The $currentOp aggregation stage needs to take no database locks, as the currentOp command does today.



 Comments   
Comment by Tess Avitabile (Inactive) [ 01/Jun/18 ]

No, this is not blocking other work. It fell out of unrelated testing. However, it seems more important now that we can have a $currentOp blocked on a dropDatabase that is blocked on an open transaction.

Comment by Bernard Gorman [ 01/Jun/18 ]

tess.avitabile milkie behackett: A couple of followup questions to better determine how to prioritise and fix this:

  1. Is this currently blocking any other work (e.g. transactions / transactions diagnostics)? Or did this issue just fall out of unrelated testing?
  2. What should the behaviour of the drivers be in the event that $currentOp is run under causal consistency? If we were to implement the fix discussed above, would this result in the failure being bubbled back up to the client? Should we instead re-run the aggregation without the metadata?

Edit: it looks as though we currently return a generic InvalidOptions error for commands where allowsAfterClusterTime() == false. Would it make sense to return a new code for cases like $currentOp - something like "RetryWithoutAfterClusterTime" - so that drivers could tell that it is safe to resubmit a particular command without the causal metadata?

Comment by Bernard Gorman [ 31/May/18 ]

Is that because the $currentOp aggregation stage doesn't end up consulting the allowsAfterClusterTime() function in current_op_common.h? The changes from SERVER-31613 made it so the server would reject specifying "afterClusterTime" to the "currentOp" command. I think the server ought to be doing the same for the $currentOp aggregation stage then.

max.hirschhorn, this looks like the right solution to me. A $currentOp aggregation won't consult the currentOp command's allowsAfterClusterTime() since that code is entirely separate from the aggregation's PipelineCommand, but we can add an override of the method in PipelineCommand (which currently defers to the default implementation in BasicCommand) to return false in the case that the aggregation starts with $currentOp.

Comment by Max Hirschhorn [ 31/May/18 ]

This appears to happen when causal consistency is enabled.

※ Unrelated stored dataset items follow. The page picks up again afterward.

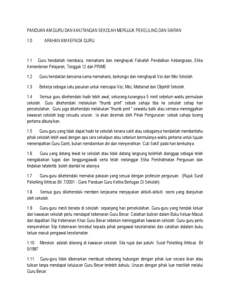 Panduan Am Guru Dan Kakitangan Sekolah Merujuk Pekeliling Dan Siaran Pdf
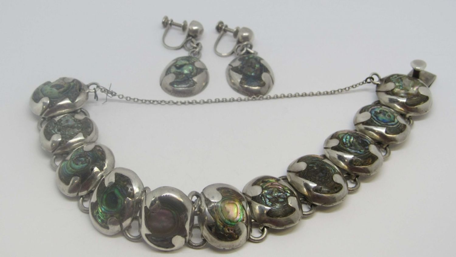 UNIQUE ABILONE INLAY DESIGN PLUS MATCHING PAIR OF TWIST BACK DANGLY EARRINGS-TTOAL 33 DWT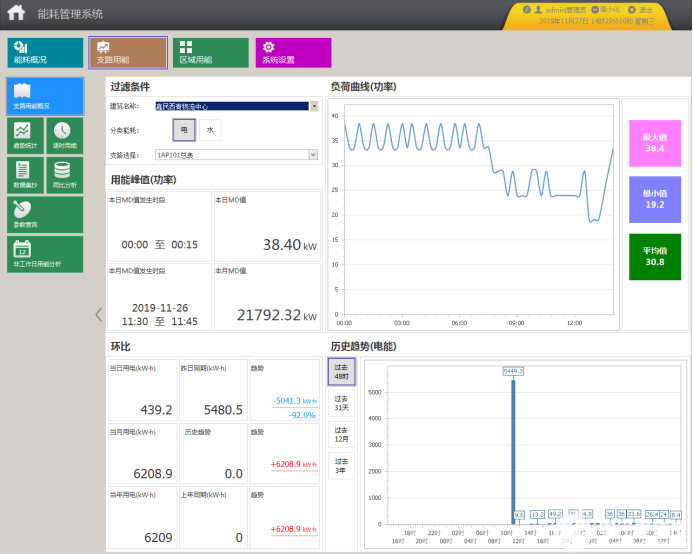 系统可以统计各分项某段时间内逐日、逐周、逐月、逐季、逐年用能。可查看分项中各支路用能趋势,可根据已有的日期或者自定义时间进行查询,统计数据可导出至Excel。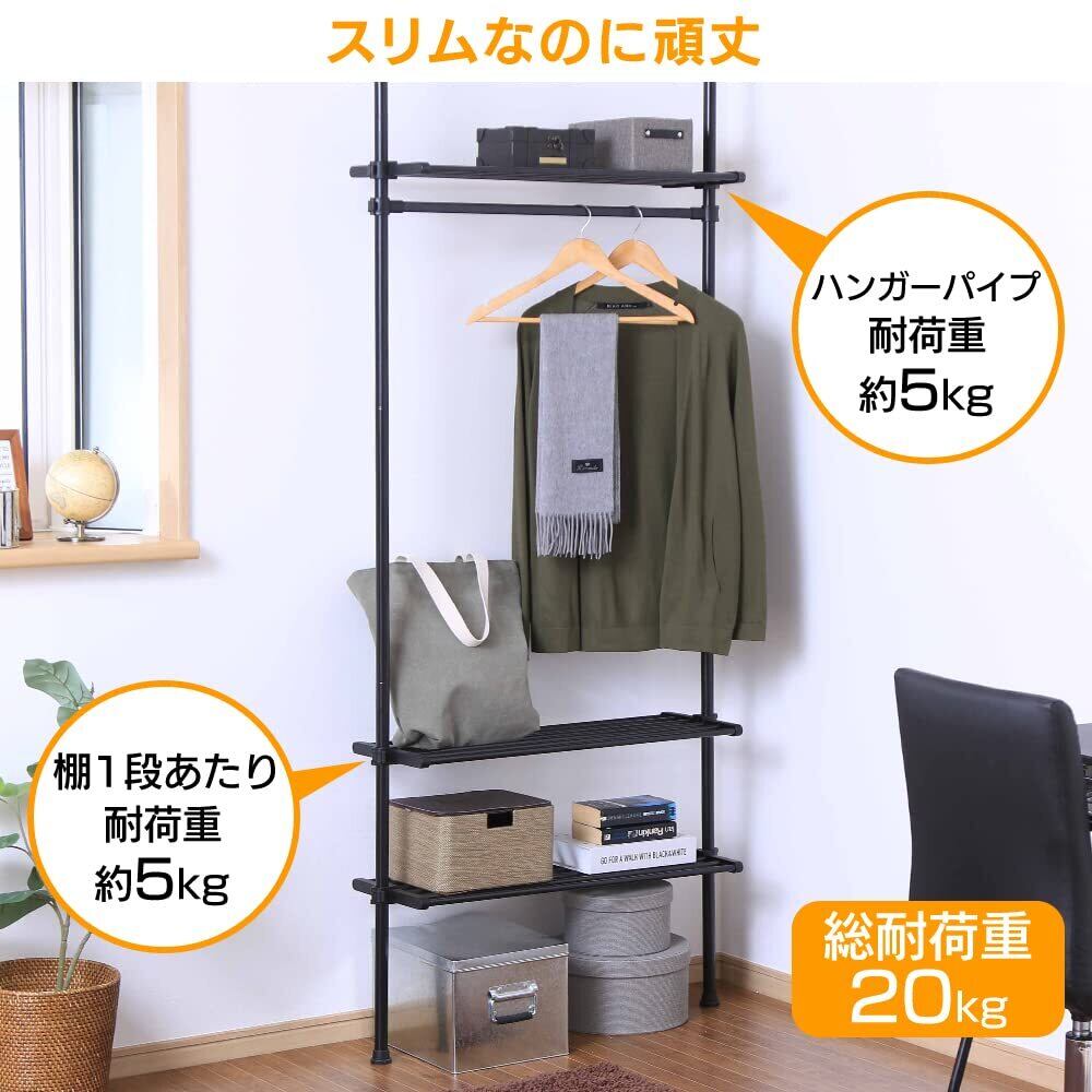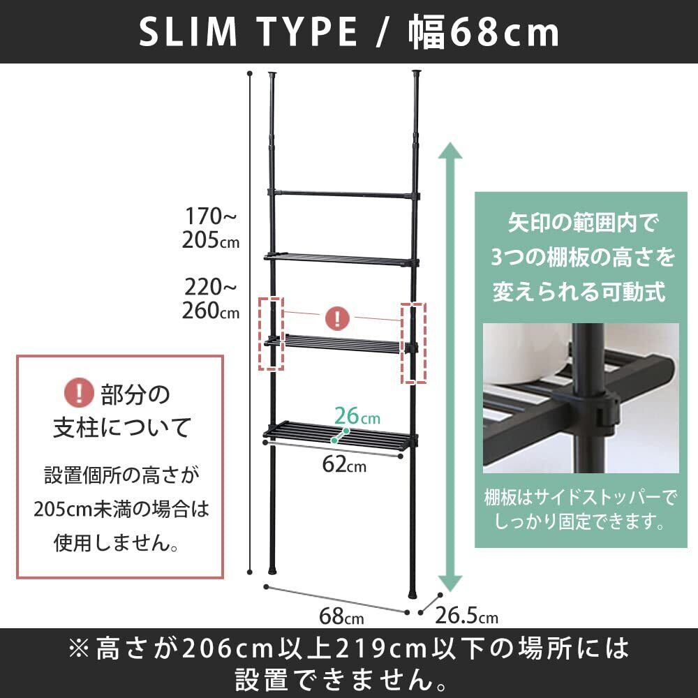 アイリスプラザ ラック 壁面 耐荷重各5kg 天井170-205cm/220-260cm対応 幅68 ブラック ワイド 壁面 スリム TWR-680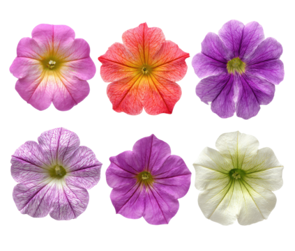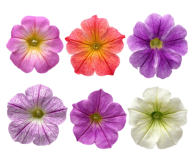 Close-up view of six petunia flowers, various colors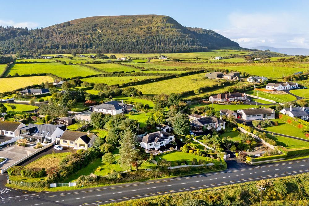 Windrush, Lecarrow, Strandhill is a truly special four-bedroom family home set in one of Sligo’s most breathtaking locations. Nestled just below Knocknarea Mountain on an elevated site, the property enjoys panoramic views across Sligo Bay and the majestic Benbulben Mountain. The setting is both peaceful and inspiring, offering an idyllic backdrop to everyday living. Inside, entering through a double glazed entrance porch to a charming dining room with carpet flooring, a feature open fireplace, and a large front-facing window that perfectly frames the sweeping views. An archway leads into a study with built-in storage, flowing through to a welcoming living room, complete with a feature fireplace and another picture window, making it the ideal cosy retreat. The kitchen dining room is beautifully appointed with a fully fitted wooden kitchen, quartz countertop, tiled flooring, and a fireplace, with direct access to a utility room featuring a Belfast sink. Off the kitchen lies a warm and cosy sitting/TV room with solid cherrywood flooring. The property offers four comfortable bedrooms, each with its own sink, alongside a spacious family bathroom, an additional WC, and a hot press. Outside, the home continues to impress with two patio areas, one to the front and one to the rear, perfect for entertaining or simply enjoying the mature gardens, which provide privacy and feature a selection of fruit trees. Additional amenities include a shed with electrics, a garage with loft storage, and a separate boiler house. Perfectly located, Windrush is just a 5-minute drive to the vibrant seaside village of Strandhill and less than 10 minutes to Sligo town centre, combining rural tranquillity with convenient access to all local amenities. This is a rare opportunity to own a home in one of the North West’s most stunning settings. To arrange a viewing please contact Oates Breheny Group Sligo on 071-9140404.

Is that because the $currentOp aggregation stage doesn't end up consulting the allowsAfterClusterTime() function in current_op_common.h? The changes from SERVER-31613 made it so the server would reject specifying "afterClusterTime" to the "currentOp" command. I think the server ought to be doing the same for the $currentOp aggregation stage then.

We might consider having the shell detect when the user is attempting to run an aggregation with the $currentOp stage and then not send the causal metadata for that command.

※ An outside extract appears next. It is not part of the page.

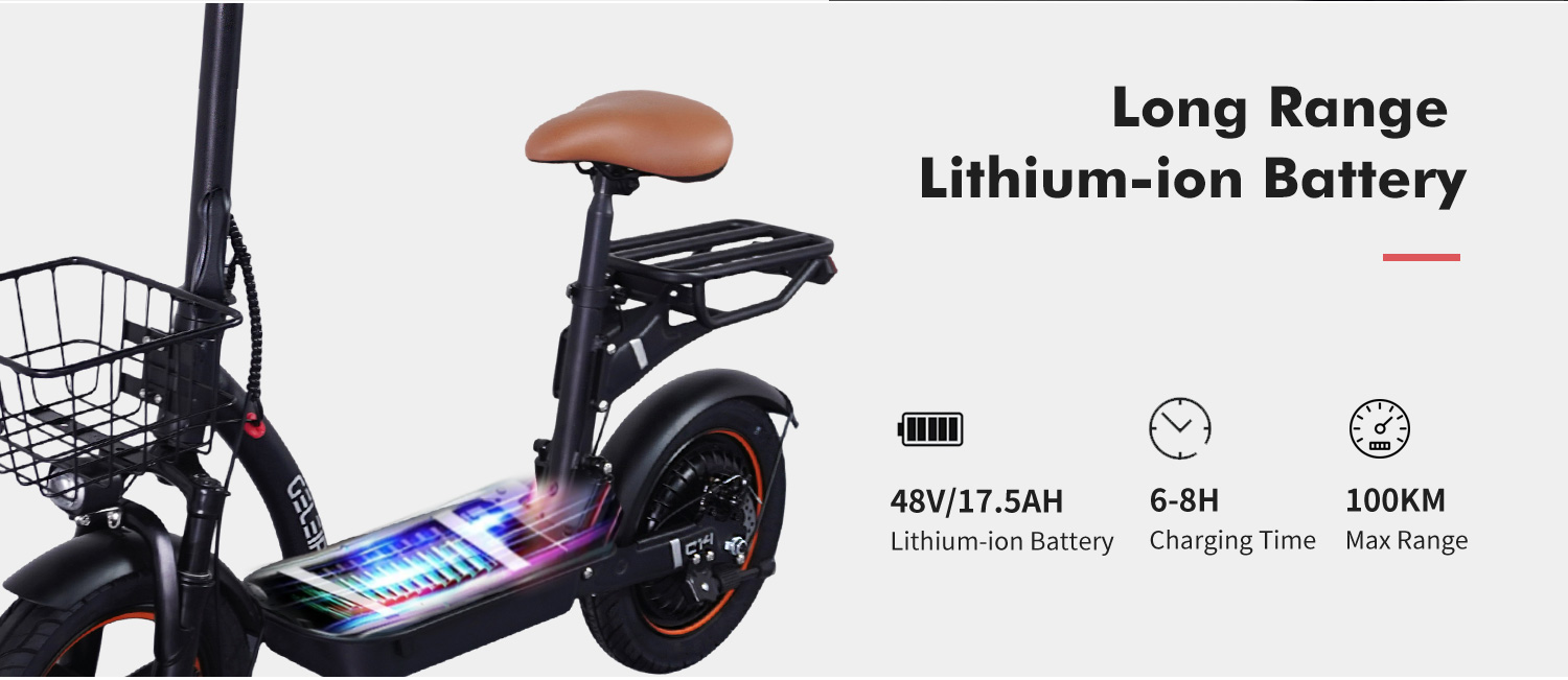 GELEIPU C14 sähköpotkulauta istuimella 48 voltin 17,5 ampeeritunnin akku 500 watin moottori 100 km toimintasäde

We certainly could have the mongo shell and drivers not inject "afterClusterTime" for aggregations involving the $currentOp stage; however, this may run contra to the Driver team's goal of not special casing the behavior for the "aggregate" command by inspecting the pipeline.

Aggregate with $out is a read operation

We intend to migrate away from designs that require drivers to inspect the contents of the aggregation pipeline and override user read preferences for aggregate with $out. In general, our specifications should stop defining different behaviors based on the contents of commands.

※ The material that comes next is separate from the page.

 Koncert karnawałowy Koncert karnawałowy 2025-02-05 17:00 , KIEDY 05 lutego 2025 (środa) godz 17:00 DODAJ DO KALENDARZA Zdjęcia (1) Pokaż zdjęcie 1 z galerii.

https://docs.google.com/document/d/14Ouqk1t7JG2hCqEQ-f7e2qgWHH5SeVpXnjybKKLtpF4/edit#heading=h.a5djszqygppi

Comment by Eric Milkie [ 31/May/18 ]

We might consider having the shell detect when the user is attempting to run an aggregation with the $currentOp stage and then not send the causal metadata for that command. Or it could return an error.
I'm not sure it would be possible to fix this at the server level, since reading from the oplog is required for causal to work.
I believe the command isn't taking locks because the shell knows that command helper doesn't need the causal metadata added to it.

Comment by Tess Avitabile (Inactive) [ 31/May/18 ]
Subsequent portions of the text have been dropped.